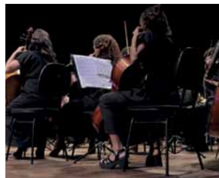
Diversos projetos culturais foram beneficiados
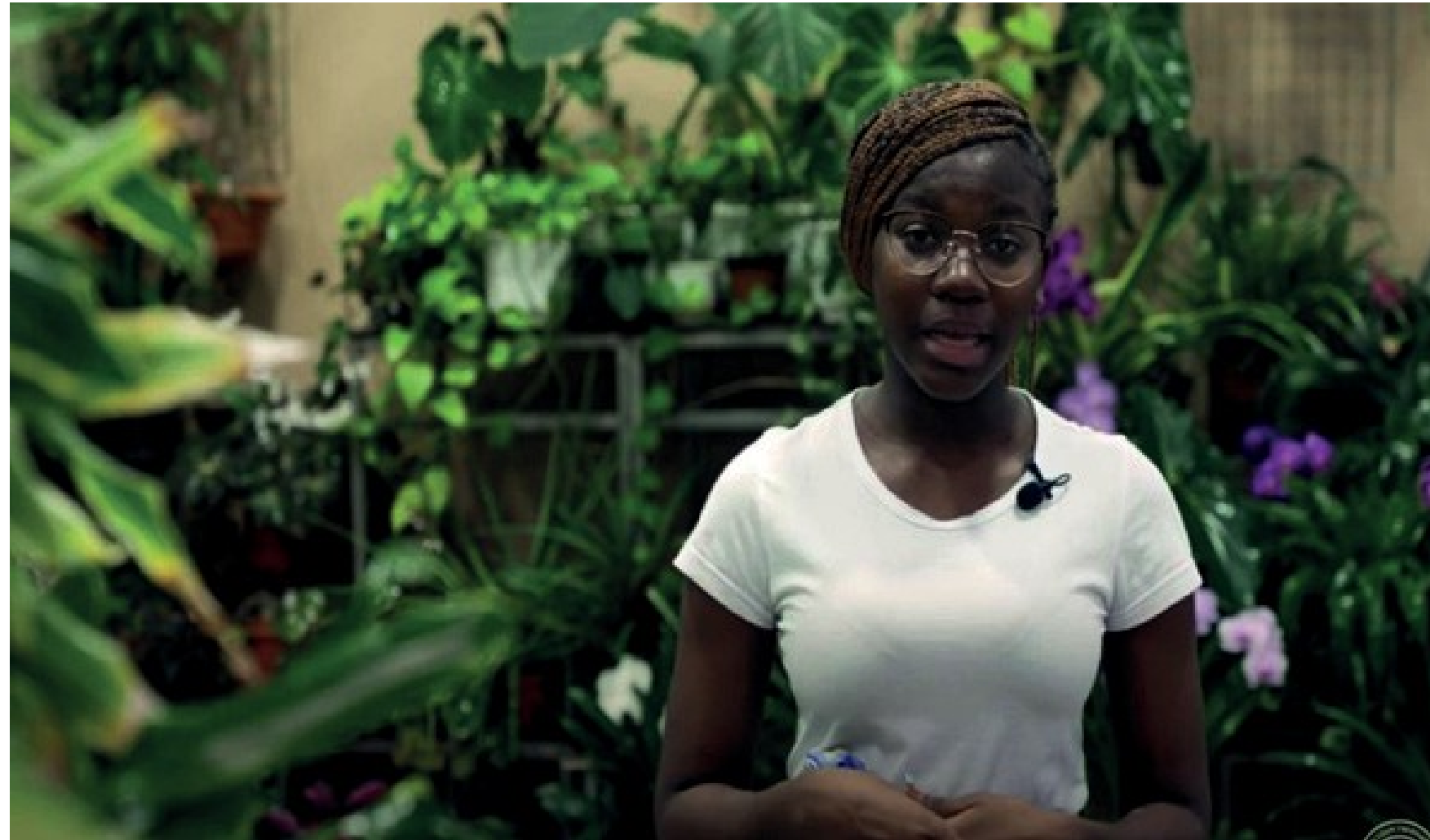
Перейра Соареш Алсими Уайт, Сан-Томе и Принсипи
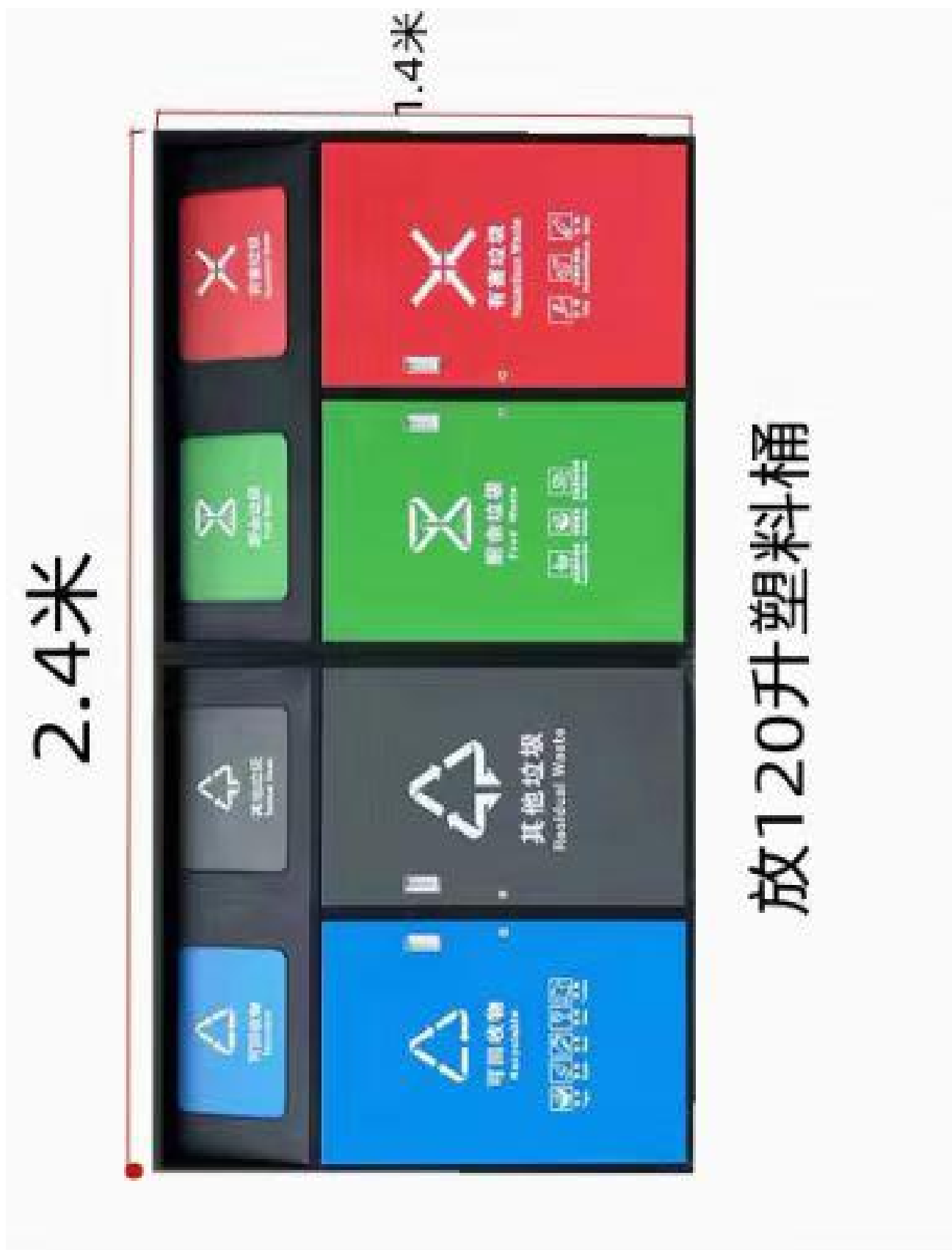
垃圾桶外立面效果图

Exercise:
Without including a single picture, restate all of the data word for word.

Output of the exercise:
Diversos projetos culturais foram beneficiados
Перейра Соареш Алсими Уайт, Сан-Томе и Принсипи
垃圾桶外立面效果图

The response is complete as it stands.